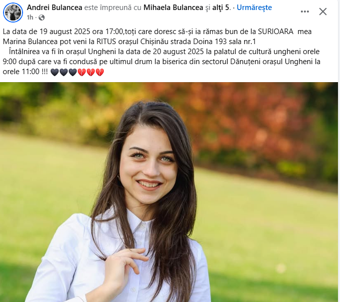 Pe data de 20 august 2025 corpul neînsuflețit al tinerei va fi adus la palatul de cultură din Ungheni la orele 9:00, după care va fi condusă pe ultimul drum la biserica din localitatea Dănuțeni”, se arată în mesajul scris de fratele tinerei.
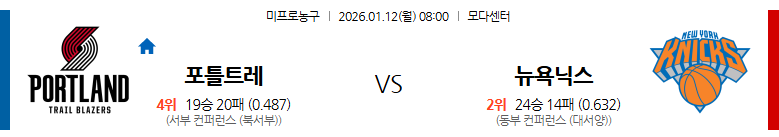 3. 뉴욕 닉스 vs 포틀랜드 트레일블레이저스 (08:00)
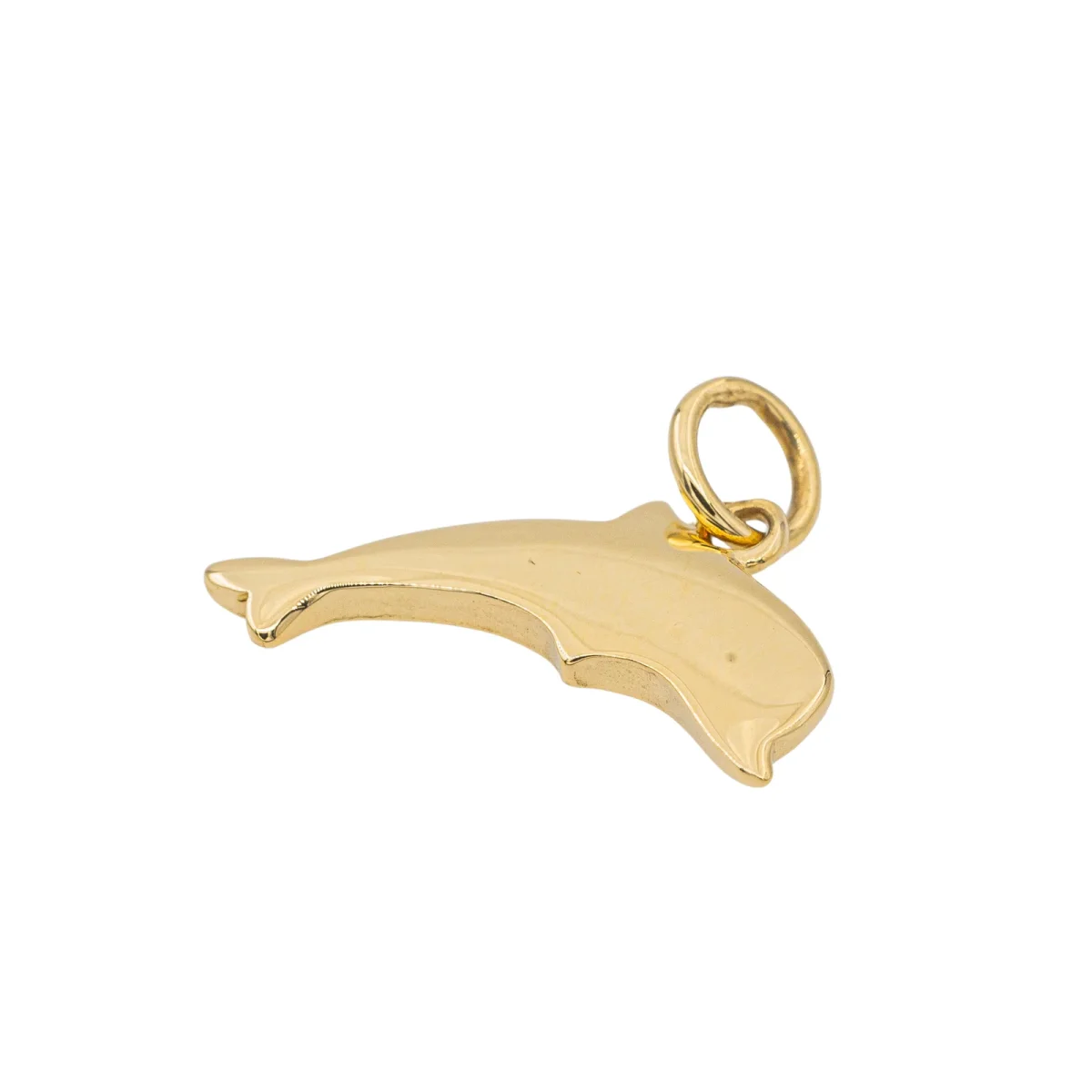 Pendentif DODO Pomellato dauphin en or jaune 750 millièmes (18 carats), testé, grand modèle, dimensions : 1.87 cm x 1.02 cm, vendu avec écrin et certificat d’authenticité, signature effacée au polissage, poids : 2,10 g, excellent état
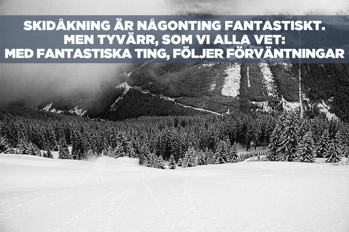 Men det finns saker värda att lida för. Saker som gör det värt att ta steget ut i verkligheten där örfilarna viner för en liten stund. Kliva utanför bubblan. Hägen Däz Jordgubb är en sådan sak. Skidåkning är en annan sådan sak. Skidåkning är någonting fantastiskt. Men tyvärr – som vi alla vet; med fantastiska ting följer förväntningar.
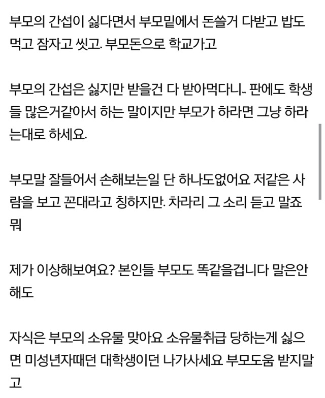 [스크랩] [기타][네이트판]자식들이 머리가 커지면 이런말을 해요 작성자나는야꼬마박사|작성시간24.06.30|조회수21,580 목록 댓글 75 글자크기 작게가 글자크기 크게가 다음검색 스크랩 원문 : 비공개카페 현재 게시글 추가 기능 열기 북마크 공유하기 신고 센터로 신고 댓글 댓글 75 댓글쓰기 답글쓰기 댓글 리스트 작성자씨봘 | 작성시간 24.06.30 미쳤나ㅡㅡ와 속이 부글거려. 작성자가루시파 | 작성시간 24.06.30 낳아놨으면 찍소리 말고 키워놔라 말이 많네 작성자연금복권 720 | 작성시간 24.06.30 뭔 소유물이야 장난하나 작성자15746 | 작성시간 24.07.01 낳지를 말아야지 작성자롤롤로로롤 | 작성시간 24.07.01 그럼 노인 돼서 애들이 부양해주면 부모가 애들 소유인건가? 소유물 되기 싫으면 굶어보세요~ 하면 되는거임? 댓글 전체보기
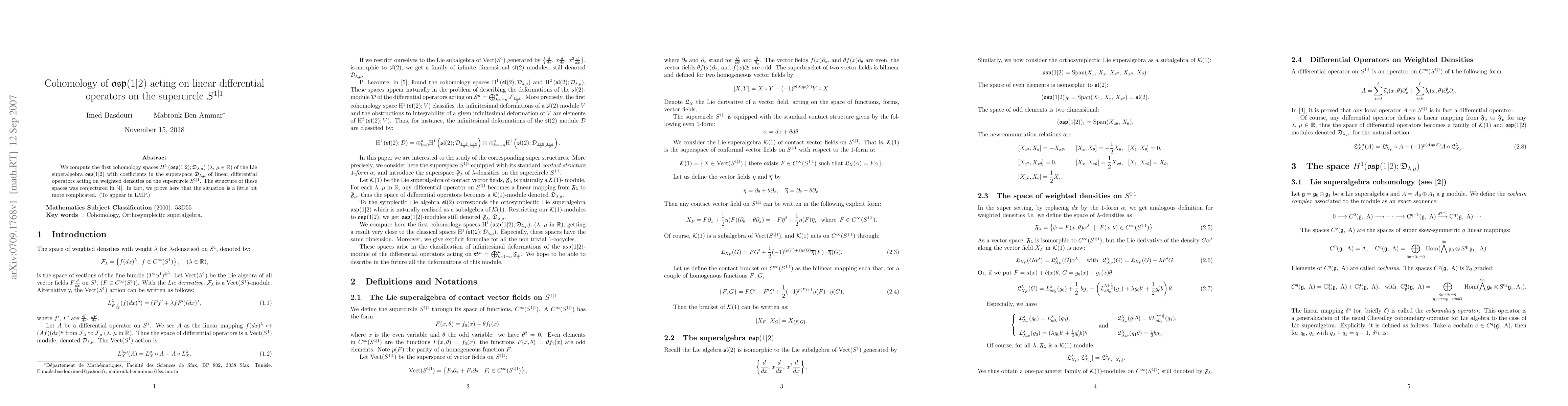 We compute the first cohomology spaces $H^1(\mathfrak{osp}(1|2);\mathfrak{D}_{\lambda,\mu})$ ($\lambda, \mu\in\mathbb{R}$) of the Lie superalgebra $\mathfrak{osp}(1|2)$ with coefficients in the superspace $\mathfrak{D}_{\lambda,\mu}$ of linear differential operators acting on weighted densities on the supercircle $S^{1|1}$. The structure of these spaces was conjectured in \cite{gmo}. In fact, we prove here that the situation is a little bit more complicated. (To appear in LMP.)

▸ **ABOUT THIS EXERCISE**
Return the material exactly as written, except for any pictures it holds.

▸ **ANSWER FOR THE TASK**
 Pe data de 20 august 2025 corpul neînsuflețit al tinerei va fi adus la palatul de cultură din Ungheni la orele 9:00, după care va fi condusă pe ultimul drum la biserica din localitatea Dănuțeni”, se arată în mesajul scris de fratele tinerei.
 3. 뉴욕 닉스 vs 포틀랜드 트레일블레이저스 (08:00)
 Pendentif DODO Pomellato dauphin en or jaune 750 millièmes (18 carats), testé, grand modèle, dimensions : 1.87 cm x 1.02 cm, vendu avec écrin et certificat d’authenticité, signature effacée au polissage, poids : 2,10 g, excellent état
 Men det finns saker värda att lida för. Saker som gör det värt att ta steget ut i verkligheten där örfilarna viner för en liten stund. Kliva utanför bubblan. Hägen Däz Jordgubb är en sådan sak. Skidåkning är en annan sådan sak. Skidåkning är någonting fantastiskt. Men tyvärr – som vi alla vet; med fantastiska ting följer förväntningar.
 [스크랩] [기타][네이트판]자식들이 머리가 커지면 이런말을 해요 작성자나는야꼬마박사|작성시간24.06.30|조회수21,580 목록 댓글 75 글자크기 작게가 글자크기 크게가 다음검색 스크랩 원문 : 비공개카페 현재 게시글 추가 기능 열기 북마크 공유하기 신고 센터로 신고 댓글 댓글 75 댓글쓰기 답글쓰기 댓글 리스트 작성자씨봘 | 작성시간 24.06.30 미쳤나ㅡㅡ와 속이 부글거려. 작성자가루시파 | 작성시간 24.06.30 낳아놨으면 찍소리 말고 키워놔라 말이 많네 작성자연금복권 720 | 작성시간 24.06.30 뭔 소유물이야 장난하나 작성자15746 | 작성시간 24.07.01 낳지를 말아야지 작성자롤롤로로롤 | 작성시간 24.07.01 그럼 노인 돼서 애들이 부양해주면 부모가 애들 소유인건가? 소유물 되기 싫으면 굶어보세요~ 하면 되는거임? 댓글 전체보기
 We compute the first cohomology spaces $H^1(\mathfrak{osp}(1|2);\mathfrak{D}_{\lambda,\mu})$ ($\lambda, \mu\in\mathbb{R}$) of the Lie superalgebra $\mathfrak{osp}(1|2)$ with coefficients in the superspace $\mathfrak{D}_{\lambda,\mu}$ of linear differential operators acting on weighted densities on the supercircle $S^{1|1}$. The structure of these spaces was conjectured in \cite{gmo}. In fact, we prove here that the situation is a little bit more complicated. (To appear in LMP.)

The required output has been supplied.